Another origin story comes from Somerville, Massachusetts, home to entrepreneur Archibald Query. Query began making his own version of marshmallow crème and selling it door-to-door in 1917. Due to sugar shortages during World War I, his business began to fail. Query quickly sold the rights to his recipe to candy makers H. Allen Durkee and Fred Mower in 1920. The cost? A modest $500 for what would go on to become the Marshmallow Fluff empire.

Although the business partners promoted the sandwich treat early in the company’s history, the delicious snack wasn’t officially called the Fluffernutter until the 1960s, when Durkee-Mower hired a PR firm to help them market the sandwich, which resulted in a particularly catchy jingle explaining the recipe.

So who owns the bragging rights? While some anonymous candy shop owner was likely the first to actually put the two together, Emma Curtis created the early precursors and brought the concept to a national audience, and Durkee-Mower added the now-ubiquitous crème and catchy name. And the Fluffernutter has never lost its popularity.

In 2006, the Massachusetts state legislature spent a full week deliberating over whether or not the Fluffernutter should be named the official state sandwich. On one side, some argued that marshmallow crème and peanut butter added to the epidemic of childhood obesity. The history-bound fanatics that stood against them contended that the Fluffernutter was a proud culinary legacy. One state representative even proclaimed, "I’m going to fight to the death for Fluff." True dedication, but the bill has been stalled for more than a decade despite several revivals and subsequent petitions from loyal fans.

But Fluff lovers needn’t despair. There’s a National Fluffernutter Day (October 8) for hardcore fans, and the town of Somerville, Massachusetts still celebrates its Fluff pride with an annual What the Fluff? festival.

"Everyone feels like Fluff is part of their childhood," said self-proclaimed Fluff expert and the festival's executive director, Mimi Graney, in an interview with Boston Magazine. "Whether born in the 1940s or '50s, or '60s, or later—everyone feels nostalgic for Fluff. I think New Englanders in general have a particular fondness for it."

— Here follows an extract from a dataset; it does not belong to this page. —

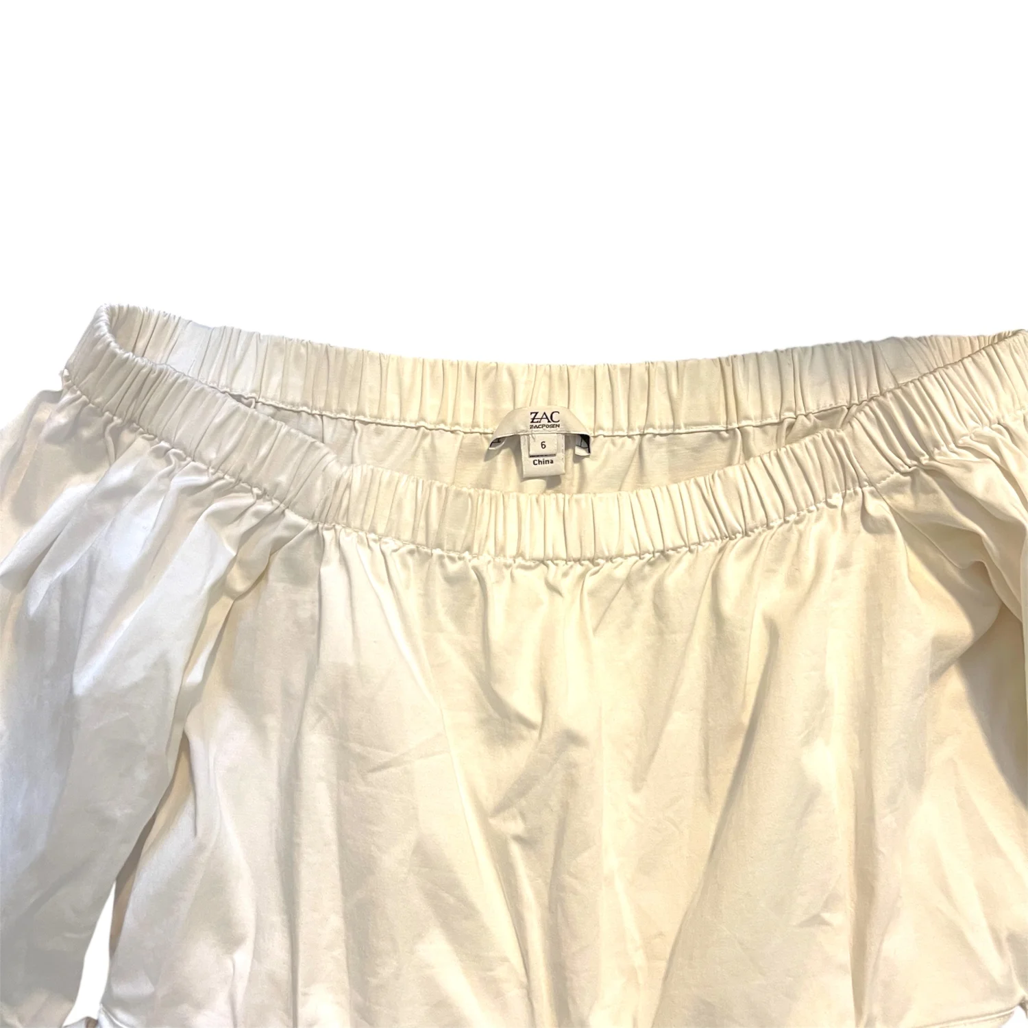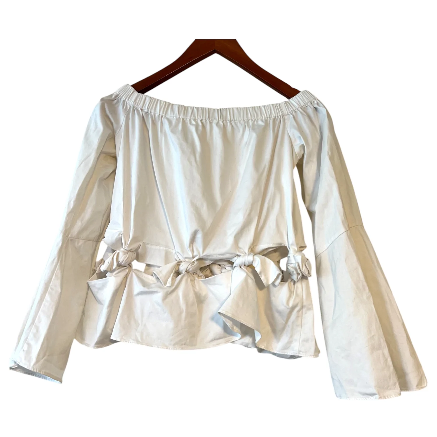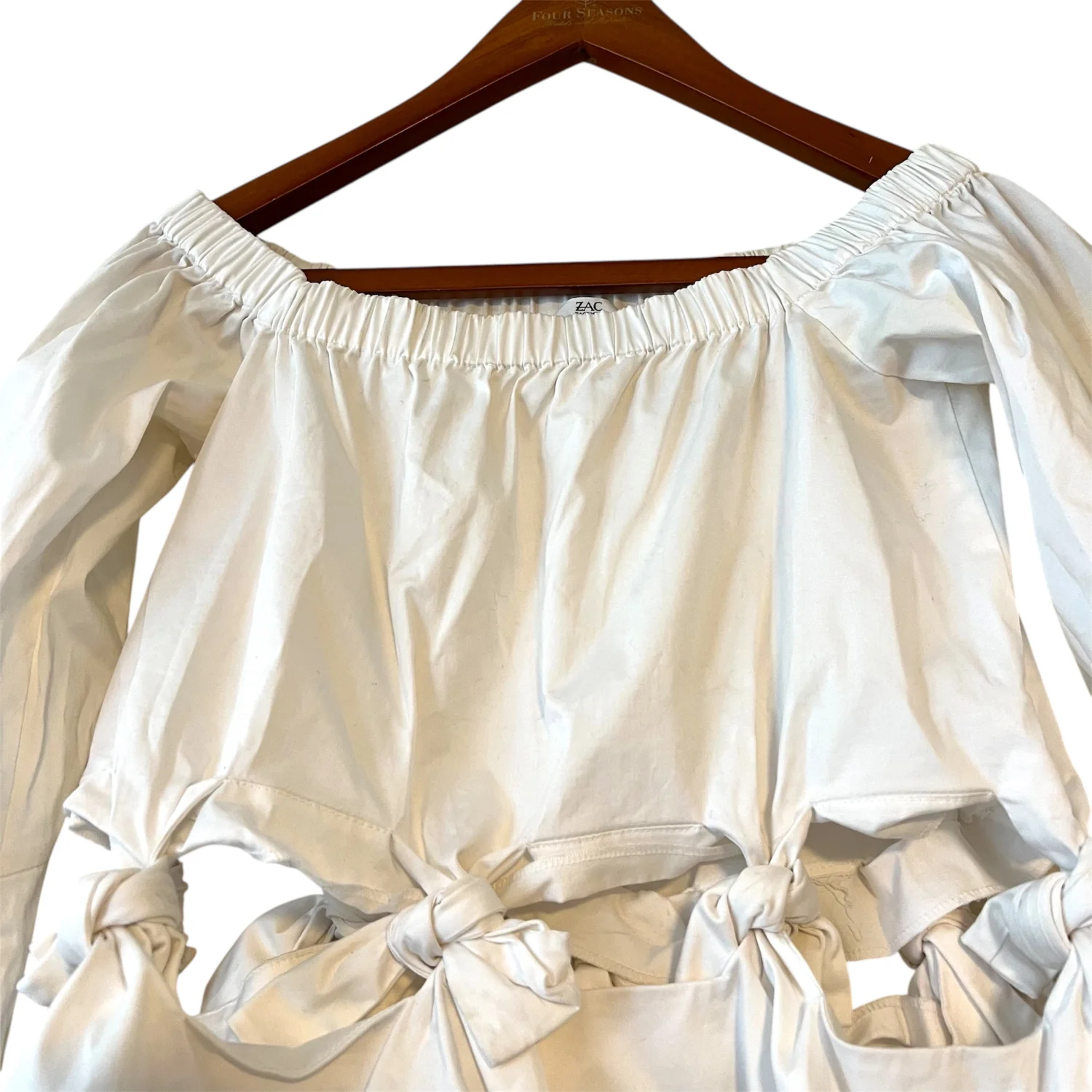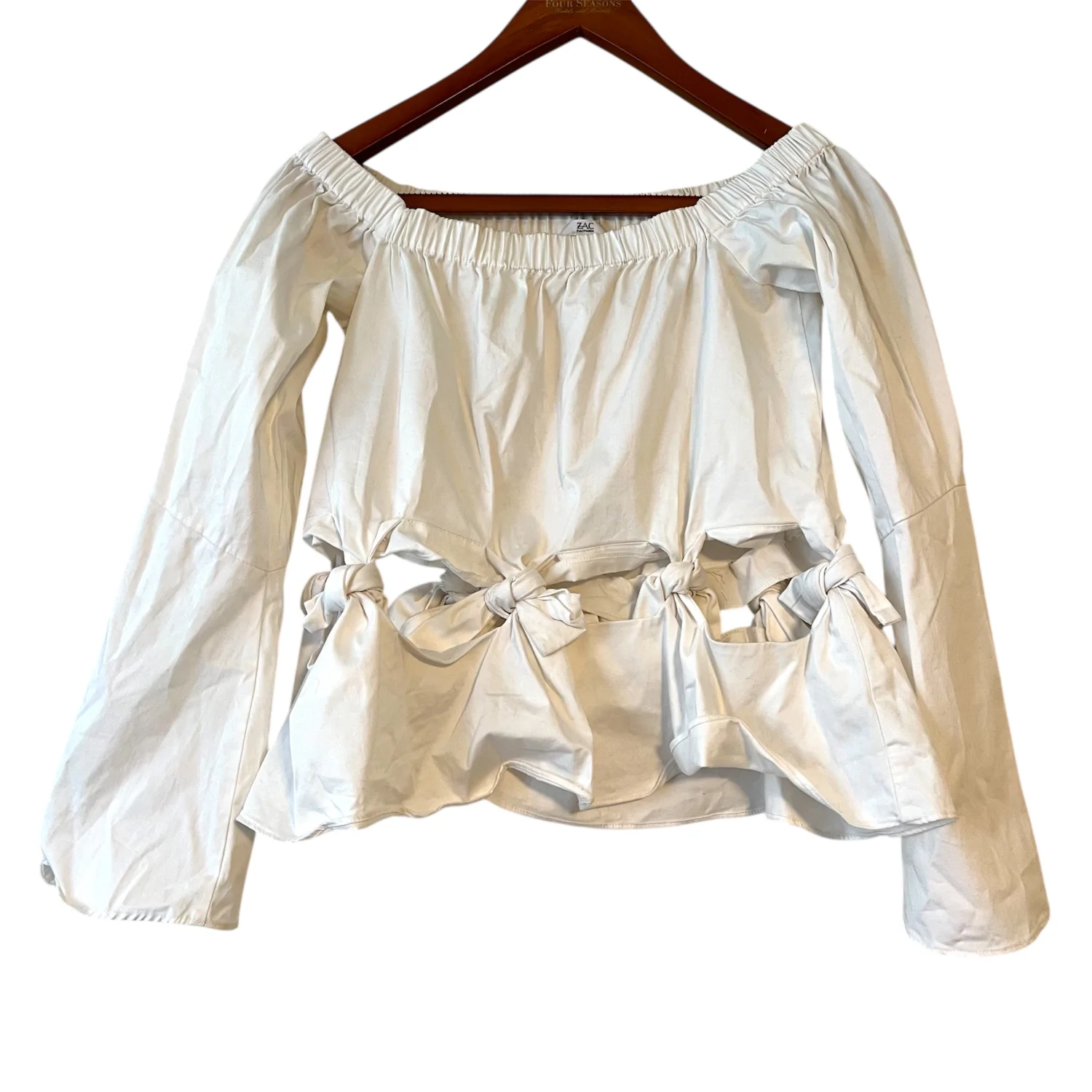 Summery white top from Zac Posen. full price at Barney’s was ~350. Bow / tie knots, that expose skin. Off shoulder design and wide sleeves.

Today, the Fluffernutter sandwich is as much of a part of New England cuisine as baked beans or blueberry pie. While some people live and die by the traditional combination, the sandwich now comes in all shapes and sizes, with the addition of salty and savory toppings as a favorite twist. Wheat bread is as popular as white, and many like to grill their sandwiches for a touch of bistro flair. But don't ask a New Englander to swap out their favorite brand of marshmallow crème. That’s just asking too Fluffing much.